A parse tree showing the values of attributes at each node is called an annotated parse tree: computing the attribute values is called annotating or decorating the tree.

Form of a Syntax-Directed Definition: Semantic rules are associated with the productions of the grammar to show the relationships between the attributes of each parent node and its children nodes. For example, assume there is a production in a grammar, X --> Y Z , that constructs a parse tree with nodes Y and Z as children of node X and further assume there is an attribute, a, attached to each of the nodes as shown below:

       ___
      |   |
      | X |X.a
      |___|
     /    \
 ___/      \___
|   |      |   |
| Y |Y.a   | Z |Z.a
|___|      |___|

If there is a semantic rule, X.a := f(Y.a, Z.a), associated with production X --> Y Z then attribute X.a of the parent node is a synthesized attribute which can be evaluated by applying function f to attributes Y.a and Z.a of its children. On the other hand, if there is a semantic rule, Z.a := f(X.a, Y.a), associated with production X --> Y Z then attribute Z.a of the right child is an inherited attribute which can be evaluated by applying function f to attributes X.a and Y.a of its parent and sibling.

As an example, figure 5.2 is a syntax-directed definition of a simple desk calculator. In this example, the val attribute of every node is a synthesized attribute. Note the use of subscripts in a production like E --> E +T where the same grammar symbol appears more than once: the E child node is given a subscript of 1 to distinguish it from the E parent node (in the production and in the associated semantic rule.)

S-attributed definitions: A syntax-directed definition is an S-attributed definition if all attributes are synthesized. Figure 5.2 is an example of an S-attributed definition. A parse tree for an S-attributed definition can always be annotated by evaluating the semantic rules for the attributes at each node bottom-up, from the leaves to the root.

Inherited Attributes: Inherited attributes are useful for passing type information in declarations. Figure 5.4 shows a syntax-directed definition for a declaration in C. It uses a synthesized attribute, T.type , to collect the type of the declaration and an inherited attribute, L.in , to pass the type down through the list of id nodes in the declaration so their symbol table entries can be updated.

[5.2] - Construction Of Syntax Trees

A syntax tree or an abstract syntax tree (AST) is a condensed form of a parse tree with the operators and keywords associated with interior nodes rather than with the leaves.

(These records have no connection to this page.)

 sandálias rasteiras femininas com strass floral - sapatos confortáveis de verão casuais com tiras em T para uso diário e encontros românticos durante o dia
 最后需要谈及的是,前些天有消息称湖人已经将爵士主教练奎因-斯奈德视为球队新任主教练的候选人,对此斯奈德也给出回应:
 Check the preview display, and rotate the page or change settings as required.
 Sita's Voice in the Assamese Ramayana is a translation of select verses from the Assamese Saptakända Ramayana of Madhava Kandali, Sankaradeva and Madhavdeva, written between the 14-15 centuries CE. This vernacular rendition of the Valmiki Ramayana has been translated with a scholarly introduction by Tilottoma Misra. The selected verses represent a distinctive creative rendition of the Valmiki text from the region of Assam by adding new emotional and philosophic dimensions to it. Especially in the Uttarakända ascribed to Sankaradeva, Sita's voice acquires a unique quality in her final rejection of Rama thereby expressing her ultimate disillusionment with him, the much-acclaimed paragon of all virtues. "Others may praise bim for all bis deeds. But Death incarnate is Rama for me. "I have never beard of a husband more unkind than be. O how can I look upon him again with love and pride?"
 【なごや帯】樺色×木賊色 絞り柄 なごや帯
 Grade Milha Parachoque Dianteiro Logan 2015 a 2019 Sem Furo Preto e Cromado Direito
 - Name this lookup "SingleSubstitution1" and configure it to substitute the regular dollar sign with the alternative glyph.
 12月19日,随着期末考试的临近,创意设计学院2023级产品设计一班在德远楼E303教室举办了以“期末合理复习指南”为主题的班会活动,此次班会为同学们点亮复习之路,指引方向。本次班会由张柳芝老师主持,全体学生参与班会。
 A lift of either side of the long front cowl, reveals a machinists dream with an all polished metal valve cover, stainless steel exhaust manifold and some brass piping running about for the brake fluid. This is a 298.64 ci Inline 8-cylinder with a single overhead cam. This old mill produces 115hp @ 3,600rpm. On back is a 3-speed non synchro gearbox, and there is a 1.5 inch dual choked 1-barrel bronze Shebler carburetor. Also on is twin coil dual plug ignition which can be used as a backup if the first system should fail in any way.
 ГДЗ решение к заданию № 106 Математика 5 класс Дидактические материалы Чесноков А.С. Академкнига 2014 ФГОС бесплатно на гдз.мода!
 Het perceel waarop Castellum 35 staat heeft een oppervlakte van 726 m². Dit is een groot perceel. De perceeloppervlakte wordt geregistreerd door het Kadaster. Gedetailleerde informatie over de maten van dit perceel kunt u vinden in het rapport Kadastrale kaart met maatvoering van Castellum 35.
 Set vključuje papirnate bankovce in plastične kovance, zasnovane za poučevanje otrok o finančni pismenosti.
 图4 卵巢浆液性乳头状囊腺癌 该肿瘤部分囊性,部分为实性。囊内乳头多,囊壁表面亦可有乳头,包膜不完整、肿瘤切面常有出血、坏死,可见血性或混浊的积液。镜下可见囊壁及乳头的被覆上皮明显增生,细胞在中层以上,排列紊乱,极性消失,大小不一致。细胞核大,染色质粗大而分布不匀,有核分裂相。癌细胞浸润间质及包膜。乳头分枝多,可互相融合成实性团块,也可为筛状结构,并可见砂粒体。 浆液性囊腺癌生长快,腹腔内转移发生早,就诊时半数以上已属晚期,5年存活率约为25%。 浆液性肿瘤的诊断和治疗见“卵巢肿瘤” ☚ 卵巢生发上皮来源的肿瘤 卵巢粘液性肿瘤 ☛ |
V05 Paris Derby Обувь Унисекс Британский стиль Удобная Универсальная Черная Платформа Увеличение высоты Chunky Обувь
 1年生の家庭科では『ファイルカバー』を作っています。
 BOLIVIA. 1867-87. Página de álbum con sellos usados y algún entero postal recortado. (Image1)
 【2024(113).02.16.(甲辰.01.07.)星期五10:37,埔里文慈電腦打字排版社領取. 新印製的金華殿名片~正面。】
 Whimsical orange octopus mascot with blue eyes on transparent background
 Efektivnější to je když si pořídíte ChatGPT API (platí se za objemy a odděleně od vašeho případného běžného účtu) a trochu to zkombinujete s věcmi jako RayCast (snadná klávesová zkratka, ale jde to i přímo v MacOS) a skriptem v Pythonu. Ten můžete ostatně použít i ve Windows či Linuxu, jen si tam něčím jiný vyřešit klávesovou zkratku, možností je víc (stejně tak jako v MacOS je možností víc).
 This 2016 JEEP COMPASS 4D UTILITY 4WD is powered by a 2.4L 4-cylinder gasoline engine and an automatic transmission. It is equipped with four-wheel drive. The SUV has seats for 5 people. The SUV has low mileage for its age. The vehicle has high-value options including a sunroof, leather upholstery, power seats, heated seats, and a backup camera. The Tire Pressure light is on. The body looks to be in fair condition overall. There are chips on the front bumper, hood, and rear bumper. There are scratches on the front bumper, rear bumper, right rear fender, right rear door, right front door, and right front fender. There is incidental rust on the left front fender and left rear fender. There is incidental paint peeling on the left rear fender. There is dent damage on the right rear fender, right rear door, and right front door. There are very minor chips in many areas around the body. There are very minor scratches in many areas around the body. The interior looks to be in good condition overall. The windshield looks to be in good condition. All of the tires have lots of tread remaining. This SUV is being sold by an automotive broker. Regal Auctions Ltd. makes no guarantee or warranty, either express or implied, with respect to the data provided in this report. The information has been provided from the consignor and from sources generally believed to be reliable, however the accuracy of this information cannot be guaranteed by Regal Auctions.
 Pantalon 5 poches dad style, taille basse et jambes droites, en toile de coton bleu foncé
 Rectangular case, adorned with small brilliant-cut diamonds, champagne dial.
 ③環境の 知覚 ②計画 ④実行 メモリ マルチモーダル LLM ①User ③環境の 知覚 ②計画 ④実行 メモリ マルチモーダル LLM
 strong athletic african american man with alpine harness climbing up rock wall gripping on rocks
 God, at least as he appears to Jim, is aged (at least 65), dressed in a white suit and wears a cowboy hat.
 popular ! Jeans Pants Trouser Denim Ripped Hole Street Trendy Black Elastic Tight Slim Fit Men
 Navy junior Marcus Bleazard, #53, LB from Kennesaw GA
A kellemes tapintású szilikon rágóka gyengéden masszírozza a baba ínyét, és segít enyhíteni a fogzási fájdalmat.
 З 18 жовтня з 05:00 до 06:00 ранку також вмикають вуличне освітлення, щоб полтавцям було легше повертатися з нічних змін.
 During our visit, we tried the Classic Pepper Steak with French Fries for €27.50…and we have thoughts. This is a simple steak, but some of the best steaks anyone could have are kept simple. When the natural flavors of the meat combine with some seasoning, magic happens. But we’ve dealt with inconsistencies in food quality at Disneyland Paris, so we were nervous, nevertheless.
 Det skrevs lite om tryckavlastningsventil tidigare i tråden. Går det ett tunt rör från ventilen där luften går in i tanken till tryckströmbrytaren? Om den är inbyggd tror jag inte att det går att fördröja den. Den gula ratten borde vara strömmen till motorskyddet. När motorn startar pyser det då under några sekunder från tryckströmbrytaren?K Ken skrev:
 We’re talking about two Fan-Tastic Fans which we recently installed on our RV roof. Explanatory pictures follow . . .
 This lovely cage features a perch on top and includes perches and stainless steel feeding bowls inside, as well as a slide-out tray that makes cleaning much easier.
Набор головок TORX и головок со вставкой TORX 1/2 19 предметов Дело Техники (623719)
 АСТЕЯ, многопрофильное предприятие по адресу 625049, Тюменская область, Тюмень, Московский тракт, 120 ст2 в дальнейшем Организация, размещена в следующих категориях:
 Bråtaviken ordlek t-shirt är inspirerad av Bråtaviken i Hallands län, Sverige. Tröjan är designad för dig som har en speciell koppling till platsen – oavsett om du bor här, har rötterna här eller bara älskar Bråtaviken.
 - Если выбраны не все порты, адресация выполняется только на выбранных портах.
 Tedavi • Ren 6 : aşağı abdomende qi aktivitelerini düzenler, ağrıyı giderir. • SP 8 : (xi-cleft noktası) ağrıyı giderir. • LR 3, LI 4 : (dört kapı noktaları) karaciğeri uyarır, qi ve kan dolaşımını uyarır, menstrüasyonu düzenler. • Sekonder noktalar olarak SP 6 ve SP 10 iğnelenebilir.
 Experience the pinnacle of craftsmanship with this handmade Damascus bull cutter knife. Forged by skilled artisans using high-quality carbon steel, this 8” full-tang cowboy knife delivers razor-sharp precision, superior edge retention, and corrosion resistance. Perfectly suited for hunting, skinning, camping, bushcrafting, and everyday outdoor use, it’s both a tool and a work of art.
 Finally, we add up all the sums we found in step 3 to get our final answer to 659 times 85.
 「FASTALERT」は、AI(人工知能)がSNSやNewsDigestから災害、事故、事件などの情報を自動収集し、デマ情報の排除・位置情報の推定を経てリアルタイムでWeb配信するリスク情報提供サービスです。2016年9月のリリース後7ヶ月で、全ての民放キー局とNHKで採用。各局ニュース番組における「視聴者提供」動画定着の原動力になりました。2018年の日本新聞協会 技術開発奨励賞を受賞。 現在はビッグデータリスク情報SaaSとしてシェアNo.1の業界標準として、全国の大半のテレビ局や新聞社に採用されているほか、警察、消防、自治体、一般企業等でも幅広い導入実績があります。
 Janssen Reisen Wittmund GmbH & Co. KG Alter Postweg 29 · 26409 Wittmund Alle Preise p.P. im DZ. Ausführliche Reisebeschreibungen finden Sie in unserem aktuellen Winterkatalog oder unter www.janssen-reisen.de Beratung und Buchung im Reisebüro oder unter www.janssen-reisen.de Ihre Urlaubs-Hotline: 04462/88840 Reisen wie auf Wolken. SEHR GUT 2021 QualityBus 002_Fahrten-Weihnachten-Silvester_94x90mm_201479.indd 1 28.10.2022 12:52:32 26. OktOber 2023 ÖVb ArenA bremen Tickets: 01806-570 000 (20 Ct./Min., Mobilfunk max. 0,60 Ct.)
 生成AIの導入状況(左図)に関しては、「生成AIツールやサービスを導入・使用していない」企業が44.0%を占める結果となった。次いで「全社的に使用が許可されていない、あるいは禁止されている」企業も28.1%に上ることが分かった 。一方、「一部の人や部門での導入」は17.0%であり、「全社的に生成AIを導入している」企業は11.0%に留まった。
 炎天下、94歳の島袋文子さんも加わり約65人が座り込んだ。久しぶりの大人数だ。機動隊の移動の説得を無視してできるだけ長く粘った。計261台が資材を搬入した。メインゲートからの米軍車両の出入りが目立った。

For example, the production: stmt --> if expr then stmt appears in a syntax tree like:

          _________
         |         |
         | if-then |
         |_________|
   ______/         \______
  |      |         |      |
  | expr |         | stmt |
  |______|         |______|

rather than in a parse tree like:

    ______________
   |              |
   |     stmt     |
   |______________|
   /  ______/  |  \______
  |  |      |  |  |      |
  |  | expr |  |  | stmt |
  |  |______|  |  |______|
  |            |
  if          then

As another example consider the parse tree constructed for 9 - 5 + 2 in section 2.4 of these course notes. The syntax tree for this expression is simply:

                 _____
                |     |
                | add |
                |_____|
                /     \
     __________/       |
    |          |       |
    | subtract |       |
    |__________|       |
    /          \       |
   /            \      |
  |              |     |
  9              5     2

Figure 5.9 shows a syntax-directed definition for constructing a syntax tree for an expression. Attribute nptr is a pointer to a node of the syntax tree. When function mknode is given an operator and pointers to two nodes it creates a parent node for those two nodes labeled with the operator and returns a pointer to the node it creates. Similarly, function mkleaf creates a leaf and returns a pointer to it.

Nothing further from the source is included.